# Essie Matte About You Matte Finisher (Matte Top Coat)



## Bec688 (Jul 16, 2009)

Essie Matte About You Matte Finisher






Here's Essie's contribution to this year's matte polish trend- a versatile, quick-drying matte topcoat!


Polish Before Matte Topcoat...





Index to pinkie: Essie Sexy Divide, Essie Decadent Diva, Essie National Velvet, Essie Over The Top. No topcoat, just wet polish.


And After...







Available August - retailing for $10


source


----------



## pinksugar (Jul 16, 2009)

oh I like that - it means you can still wear your favourite colours.

I wonder what 'mimosas for mr and mrs' or 'my daddy's the king' would look like matte?


----------



## Sexy Sadie (Jul 27, 2009)

I need that one.


----------



## Karren (Jul 27, 2009)

Yes!!! I had a bottle of Revlon matte finish years ago and just haven't been able to find it!! I love the matte look!! Thanks Rebecca!!


----------



## Bec688 (Jul 27, 2009)

You're all probably sick to death of all the matte collections I have been posting lately lol I thought this one would be a nice for those who want to give it a go without forking out any buying a whole stack of new polishes.


----------



## Aprill (Jul 27, 2009)

Your top picture is hotlinking...please remove that photo thanks


----------



## reesesilverstar (Jul 28, 2009)

This is awesome... I'm liking the matte look too! Thanks for the info


----------



## Angels_Decay (Jul 28, 2009)

I love the new matte trend!


----------



## pure25honey (Sep 13, 2009)

I just that in a magazine and wondered if it really works. Looks like it does. Thanks!


----------



## emily_3383 (Sep 13, 2009)

I want to buy this but i cant find it in stores and I dont want to order online. ugh I bought Orly Matte polish for men but its not as matte as i wanted it to be so there goes $8! Anyone know the cheapest place to get this?


----------



## lolaB (Sep 13, 2009)

Emily, have you tried Ulta? I don't know if it's the cheapest option, but they definitely carry it.


----------



## emily_3383 (Sep 13, 2009)

I dont live near an ulta so I would have to order online. We had a Sally's (the only one in the city) but the closed it. grrr

Ok, I just bought it off ebay. lol


----------



## <Helen> (Nov 26, 2009)

That's so cool I want it!


----------



## Orangeeyecrayon (Nov 26, 2009)

i have this, and just wanted to throw in my two cents.

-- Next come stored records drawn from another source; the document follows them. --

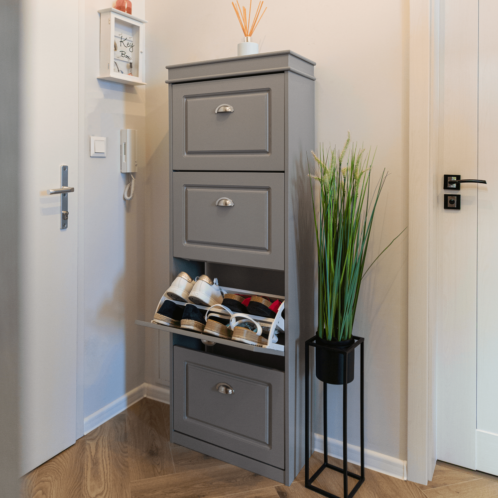 Tagy: seber, botník, výklopný botník, vysoký botník, předsíňový nábytek, šedý botník, úložný nábytek
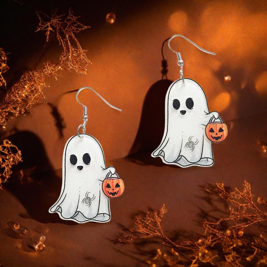 Halloween Cat and Ghost Acrylic Earrings - Quirky Pumpkin Design for Holiday Parties
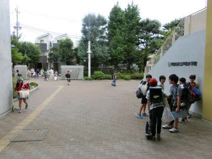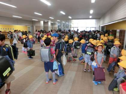 8時、入室目前の様子です。ピロティでは、張り切って登校してきた大勢のお友達が、教室に入れる時間をまだか、まだかと待っています。空っぽのげた箱も、もうすぐ靴で埋まります。

I am not a huge matte polish fan, so i am not 100 percent sure why i got it. but i find myself using this more than my regualr top coat because it dries so freaking fast. and it does not get any nail indents in it if you touch your nail by accident.

really i am totaly in love with this stuff i wish they would make a fast dry top coat that went on as thinly and smoothly as this does


----------